Aim of the task: Make a verbatim transcription of the records, without the pictures.

Records shown:

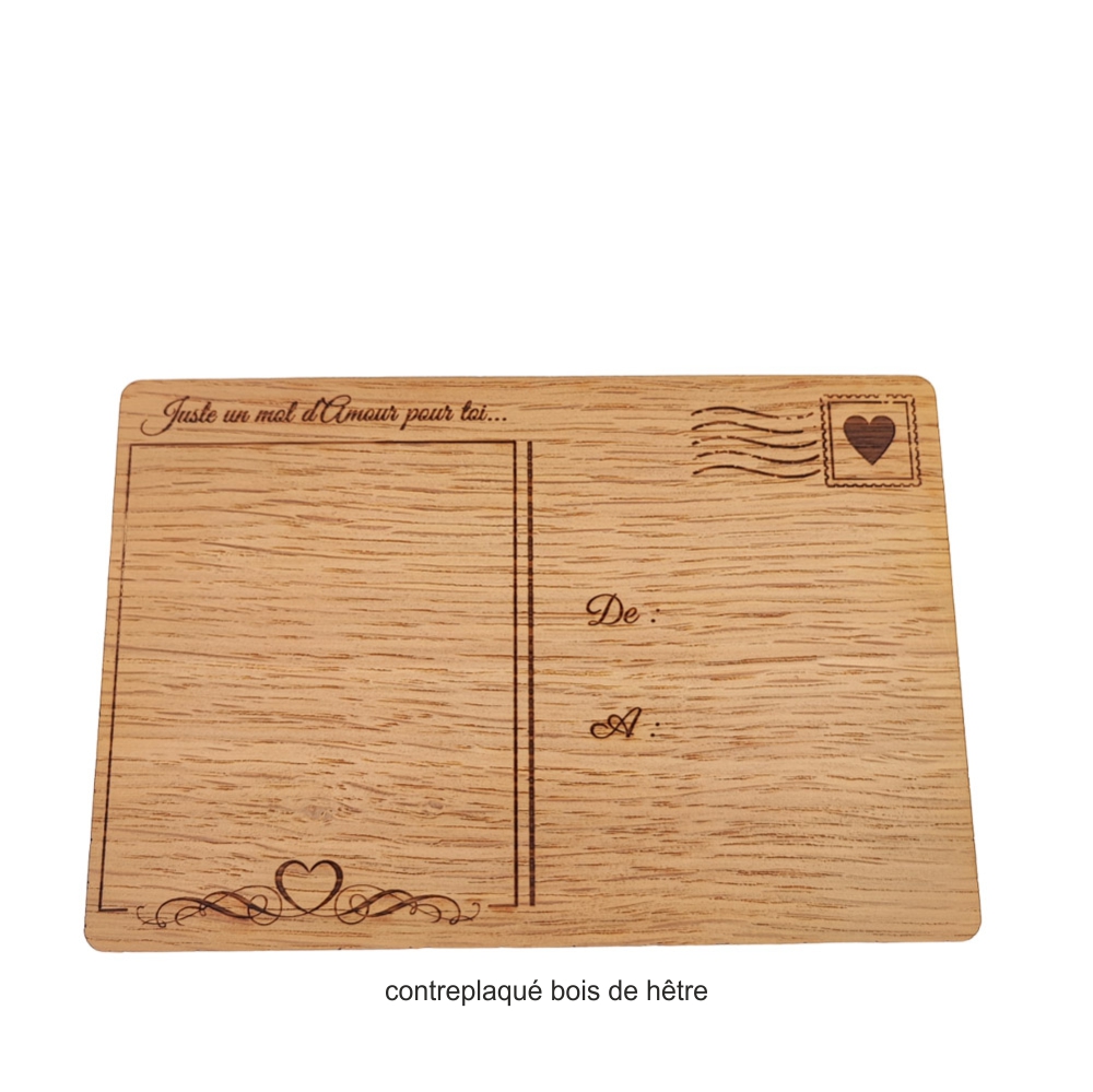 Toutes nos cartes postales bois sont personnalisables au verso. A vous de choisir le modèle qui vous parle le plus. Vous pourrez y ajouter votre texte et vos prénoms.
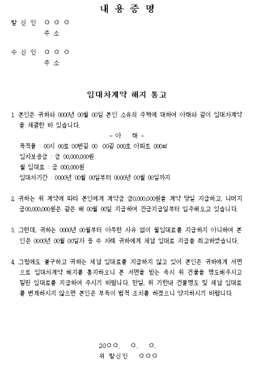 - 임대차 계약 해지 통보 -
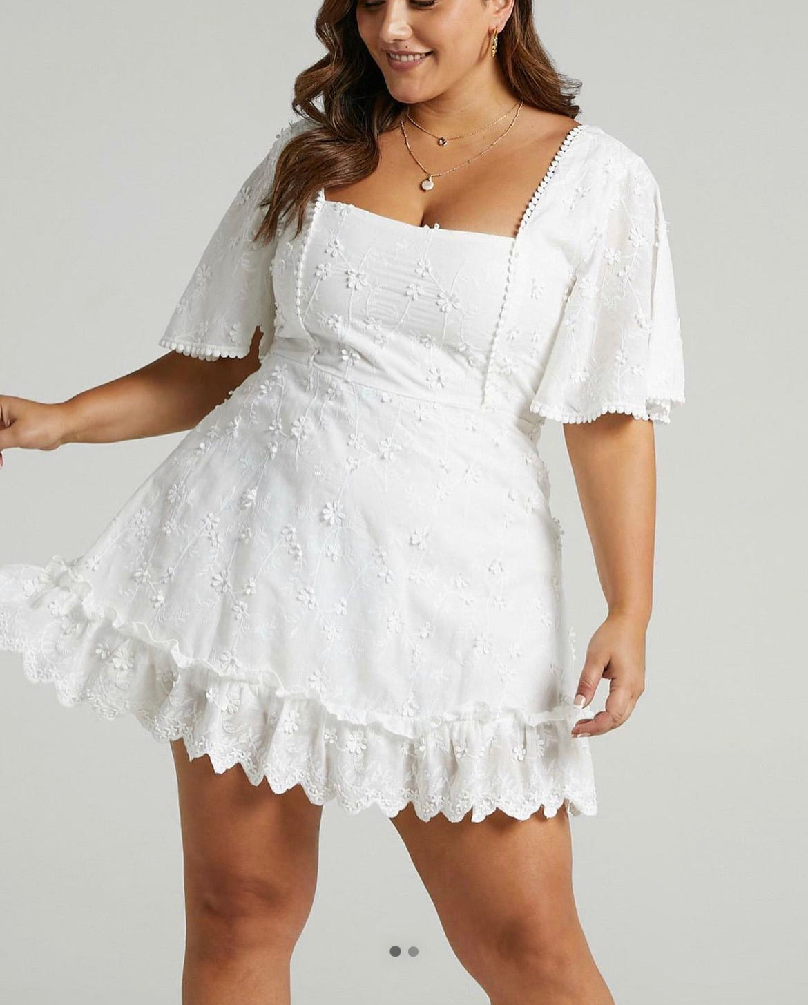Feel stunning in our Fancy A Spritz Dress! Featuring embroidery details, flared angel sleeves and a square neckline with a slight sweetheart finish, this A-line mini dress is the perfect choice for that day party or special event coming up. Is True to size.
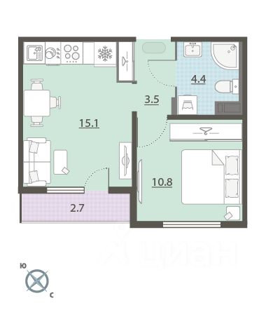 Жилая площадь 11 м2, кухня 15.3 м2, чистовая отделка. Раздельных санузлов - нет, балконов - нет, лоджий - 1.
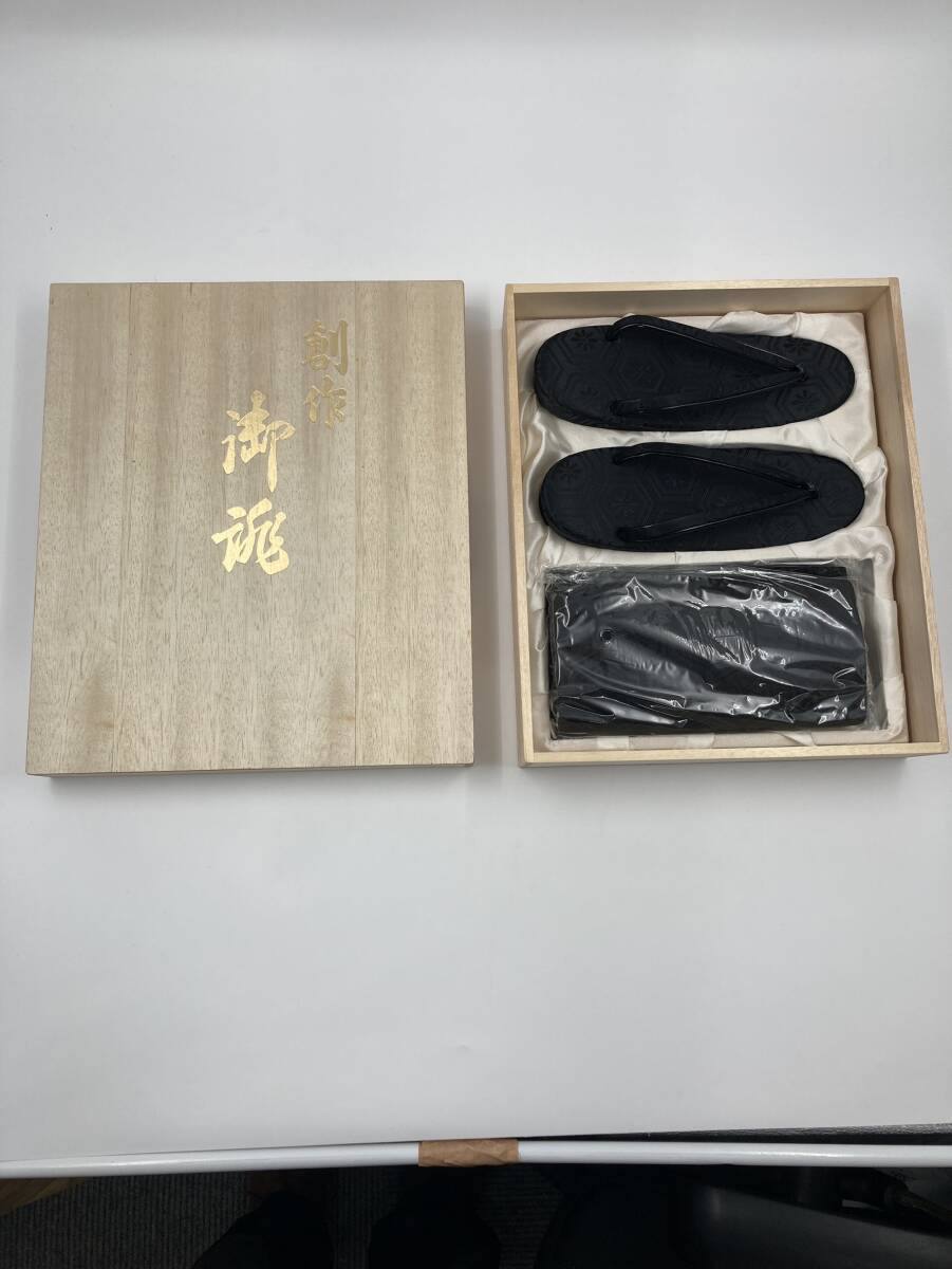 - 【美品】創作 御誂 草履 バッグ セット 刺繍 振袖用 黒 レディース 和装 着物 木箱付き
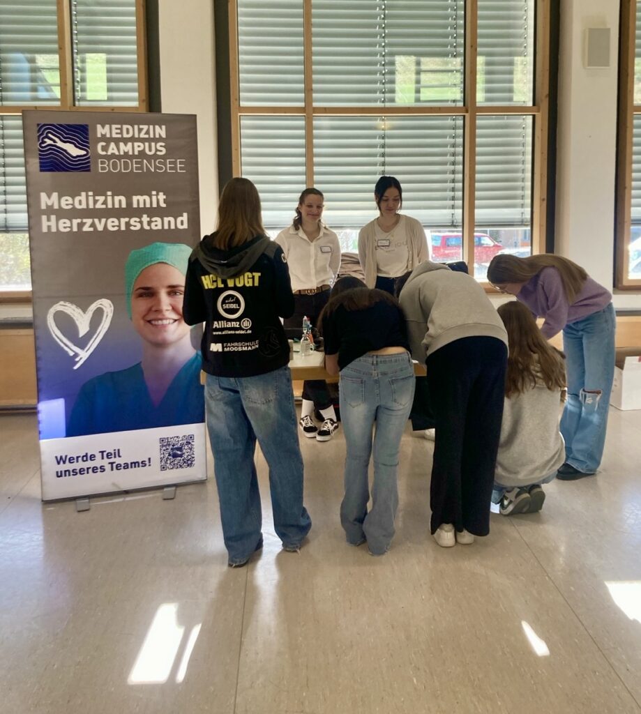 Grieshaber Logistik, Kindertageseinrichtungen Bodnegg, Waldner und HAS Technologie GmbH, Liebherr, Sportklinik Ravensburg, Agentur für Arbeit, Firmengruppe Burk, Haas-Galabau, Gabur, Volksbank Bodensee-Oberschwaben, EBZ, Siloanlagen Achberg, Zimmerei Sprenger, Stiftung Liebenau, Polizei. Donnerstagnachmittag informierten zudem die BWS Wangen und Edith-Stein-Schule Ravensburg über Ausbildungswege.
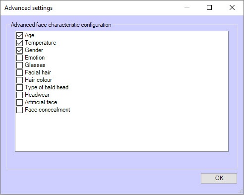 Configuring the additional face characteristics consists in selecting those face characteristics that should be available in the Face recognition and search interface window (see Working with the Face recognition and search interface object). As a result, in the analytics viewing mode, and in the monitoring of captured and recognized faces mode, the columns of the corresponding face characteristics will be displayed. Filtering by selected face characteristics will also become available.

Worked solution:
 Toutes nos cartes postales bois sont personnalisables au verso. A vous de choisir le modèle qui vous parle le plus. Vous pourrez y ajouter votre texte et vos prénoms.
 - 임대차 계약 해지 통보 -
Feel stunning in our Fancy A Spritz Dress! Featuring embroidery details, flared angel sleeves and a square neckline with a slight sweetheart finish, this A-line mini dress is the perfect choice for that day party or special event coming up. Is True to size.
 Жилая площадь 11 м2, кухня 15.3 м2, чистовая отделка. Раздельных санузлов - нет, балконов - нет, лоджий - 1.
 - 【美品】創作 御誂 草履 バッグ セット 刺繍 振袖用 黒 レディース 和装 着物 木箱付き
 Grieshaber Logistik, Kindertageseinrichtungen Bodnegg, Waldner und HAS Technologie GmbH, Liebherr, Sportklinik Ravensburg, Agentur für Arbeit, Firmengruppe Burk, Haas-Galabau, Gabur, Volksbank Bodensee-Oberschwaben, EBZ, Siloanlagen Achberg, Zimmerei Sprenger, Stiftung Liebenau, Polizei. Donnerstagnachmittag informierten zudem die BWS Wangen und Edith-Stein-Schule Ravensburg über Ausbildungswege.
 Configuring the additional face characteristics consists in selecting those face characteristics that should be available in the Face recognition and search interface window (see Working with the Face recognition and search interface object). As a result, in the analytics viewing mode, and in the monitoring of captured and recognized faces mode, the columns of the corresponding face characteristics will be displayed. Filtering by selected face characteristics will also become available.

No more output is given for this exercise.